== INFORMATION PROVIDED

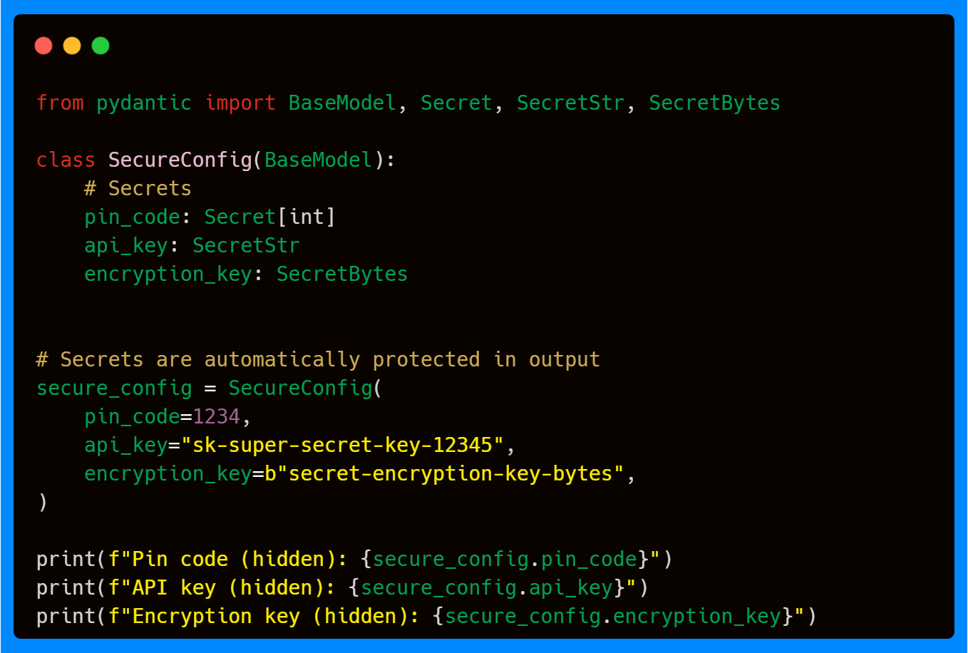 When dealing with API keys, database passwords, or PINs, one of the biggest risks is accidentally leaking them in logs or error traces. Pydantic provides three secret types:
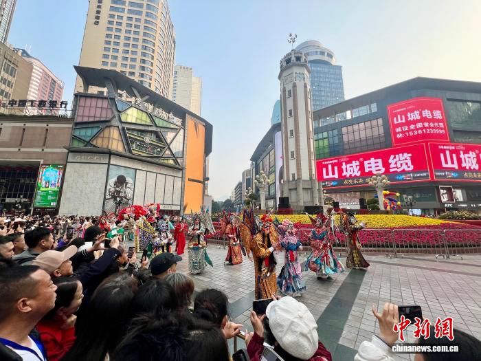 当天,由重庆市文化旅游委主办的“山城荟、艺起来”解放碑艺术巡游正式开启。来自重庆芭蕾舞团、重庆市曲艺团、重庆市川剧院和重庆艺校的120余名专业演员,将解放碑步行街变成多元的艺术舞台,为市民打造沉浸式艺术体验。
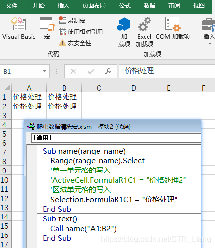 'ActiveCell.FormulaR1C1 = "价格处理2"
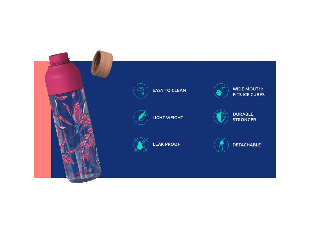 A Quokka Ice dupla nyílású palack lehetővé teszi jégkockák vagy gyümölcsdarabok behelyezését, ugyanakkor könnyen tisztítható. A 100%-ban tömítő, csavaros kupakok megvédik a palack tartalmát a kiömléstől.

====

▶ **YOUR OBJECTIVE**: Reproduce the whole listing above character for character; pictures do not belong in it.

▶ **COMPLETED EXERCISE**:
 When dealing with API keys, database passwords, or PINs, one of the biggest risks is accidentally leaking them in logs or error traces. Pydantic provides three secret types:
 当天,由重庆市文化旅游委主办的“山城荟、艺起来”解放碑艺术巡游正式开启。来自重庆芭蕾舞团、重庆市曲艺团、重庆市川剧院和重庆艺校的120余名专业演员,将解放碑步行街变成多元的艺术舞台,为市民打造沉浸式艺术体验。
 'ActiveCell.FormulaR1C1 = "价格处理2"
 A Quokka Ice dupla nyílású palack lehetővé teszi jégkockák vagy gyümölcsdarabok behelyezését, ugyanakkor könnyen tisztítható. A 100%-ban tömítő, csavaros kupakok megvédik a palack tartalmát a kiömléstől.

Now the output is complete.